Quando a liberdade e a capacidade de viver a própria vida se encontra limitada por um estado emocional de dor, tristeza e de mágoa do qual não se consegue libertar. Quando experimentamos um estado deprimido mais intenso não conseguimos usar dos nossos recursos, da nossa energia para viver a nossa vida, seguirmos os nossos objetivos, ficando, assim, condicionados pela ruminação da dor. Apesar de haver sintomas que são comuns aos dois estados, na depressão o estado é mais intenso e duradouro, com uma tristeza mais profunda e persistente, uma apatia e desinteresse mais alargada, conduzindo a uma dificuldade de criar ligação com o bebé.
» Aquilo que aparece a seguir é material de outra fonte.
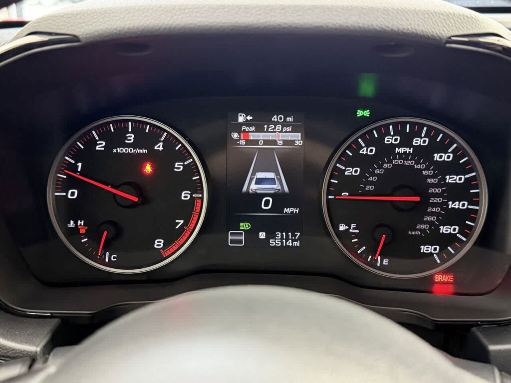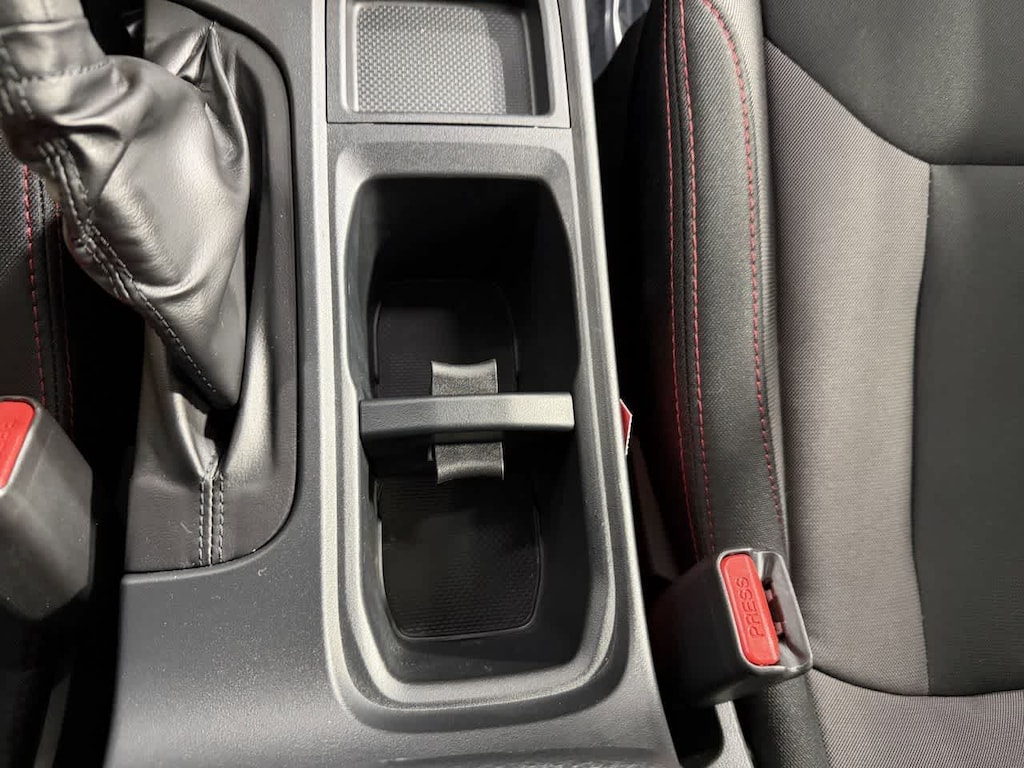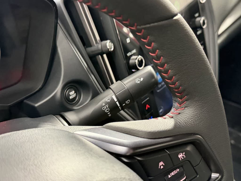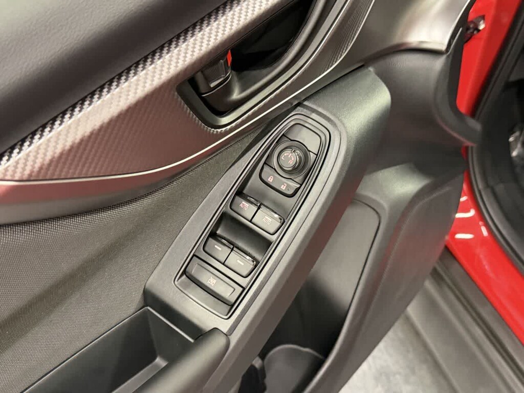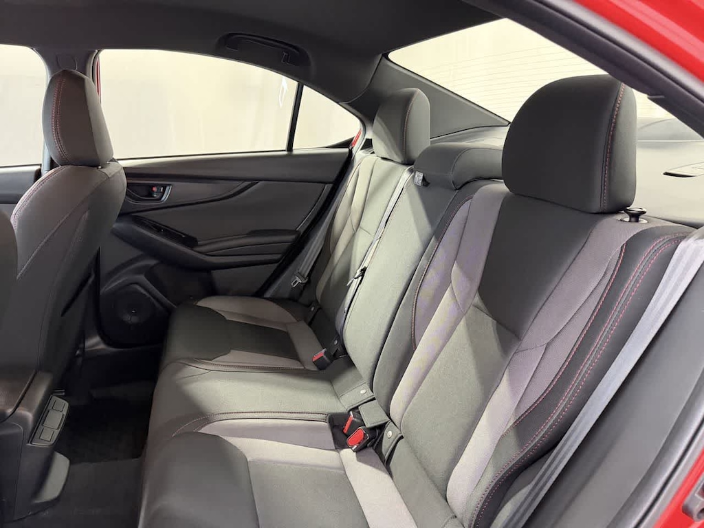 This vehicle is well equipped with many features including: Standard Model, 4-Wheel Disc Brakes, 6 Speakers, ABS brakes, Air Conditioning, Alloy wheels, AM/FM radio: SiriusXM, Auto High-beam Headlights, Auto-dimming Rear-View mirror, Automatic temperature control, Brake assist, Bumpers: body-color, Cloth Upholstery w/Red Stitching, Dual front impact airbags, Dual front side impact airbags, Electronic Stability Control, Emergency communication system: STARLINK Safety and Security (Subscription Required), Exterior Parking Camera Rear, Four wheel independent suspension, Front anti-roll bar, Front Bucket Seats, Front Center Armrest, Front dual zone A/C, Front reading lights, Fully automatic headlights, Knee airbag, Leather Shift Knob, Leather steering wheel, Low tire pressure warning, Occupant sensing airbag, Outside temperature display, Overhead airbag, Overhead console, Panic alarm, Passenger door bin, Performance Design Front Bucket Seats, Power door mirrors, Power steering, Power windows, Radio data system, Radio: Subaru STARLINK 11.6 Multimedia Plus Sys, Rear window defroster, Remote keyless entry, Security system, Speed control, Speed-sensing steering, Split folding rear seat, Sport steering wheel, STARLINK/Apple CarPlay/Android Auto, Steering wheel mounted audio controls, Tachometer, Telescoping steering wheel, Tilt steering wheel, Traction control, Trip computer, Variably intermittent wipers, and Wheels: 17 x 8 Gray Finish Aluminum Alloy.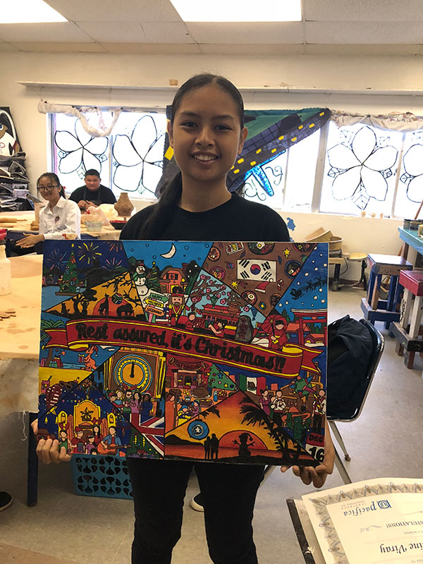 Jenny Wu Zhang, of the Saipan Community School student, holds her winning artwork for Category 1 (ages 6-11 division). (Contributed Photos)

Dicas essenciais para que tudo corra bem:

  • Saber que associado ao parto poderá haver instabilidade emocional, mas que não interfere na sua capacidade de amar e cuidar do seu bebé.
  • Partilhar com as pessoas mais próximas as suas dificuldades, os seus medos e as tarefas inerentes ao bebé ou à casa, de forma a que haja um pouco mais de cuidado de si.
  • Não haver censura por nem tudo ser perfeito, a começar pelo humor.
  • Estar atenta à intensidade do seu estado emocional, mais do que à variabilidade do mesmo. Se não for melhorando com o tempo e condicionar a capacidade de viver a sua vida, vale a pena ponderar receber apoio especializado.